Chinese billionaire entrepreneur

Jeffrey Kang, or Kang Jingwei (康敬伟, born February 6, 1970), is a Chinese billionaire entrepreneur. He is the founder and CEO of the Shenzhen-based Cogobuy Group, the largest corporate procurement e-commerce platform for IC components in China with worldwide sales and distribution.

==Early and personal life==
Kang was born in Chongqing on 6 February 1970. He has two children with his wife Nan Ji and resides with his family in Overseas Chinese Town (OCT), Shenzhen, Guangdong.

In July 1991 Kang received a Bachelor of Science degree in Electrical Engineering from South China University of Technology in Guangzhou, Guangdong.
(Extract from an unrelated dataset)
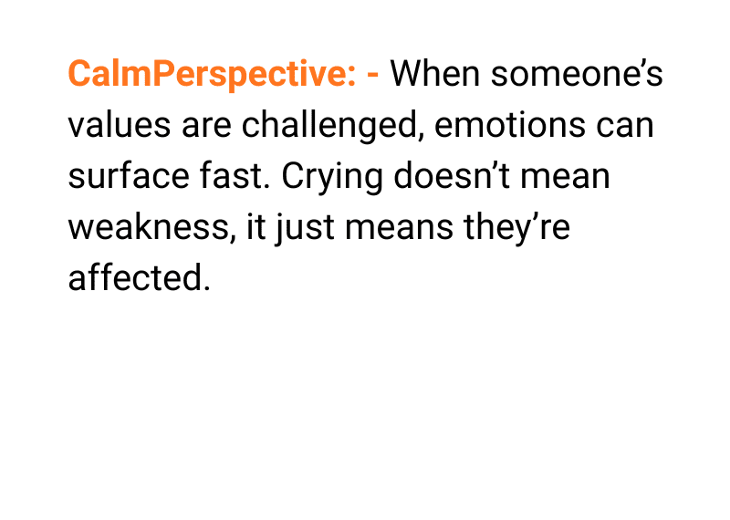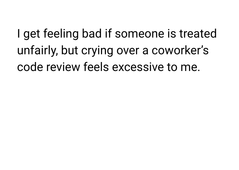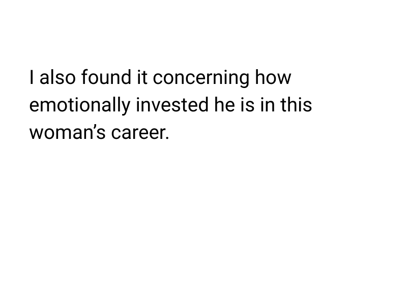 While I understand wanting to support someone who faces bias, his intense reactions—tears, shaking voice, and deep emotional investment in her professional success—made me uncomfortable.

In 2006, Kang was ranked among the richest people in China by Forbes, with a net worth of CN¥17 billion. In 2015, he joined the ranks of The World's Billionaires defined in USD terms by Forbes at age 45. Kang's total calculated executive compensation listed in his firm's annual accounts for 2014 was CN¥2,933,000 (c. US$500,000).

==Business career==
Kang started his career in China's telecommunications sector as a sales engineer in charge of the components business for Matsushita Electric Industrial now known as Panasonic from 1992 to 1995. In 1995 he invested US$50,000 to start his own company called the Comtech Group, to act as a distribution channel for the sale of electronic components in China. In 2002, the Comtech Group went public and was listed on the New York Stock Exchange (NASDAQ) as Viewtran (ticker: VIEW). In 2011, he established the first online platform for selling IC components in China, Cogobuy, which went public on the Hong Kong Stock Exchange in July 2014 with an annual turnover of CN¥84 billion in 2014.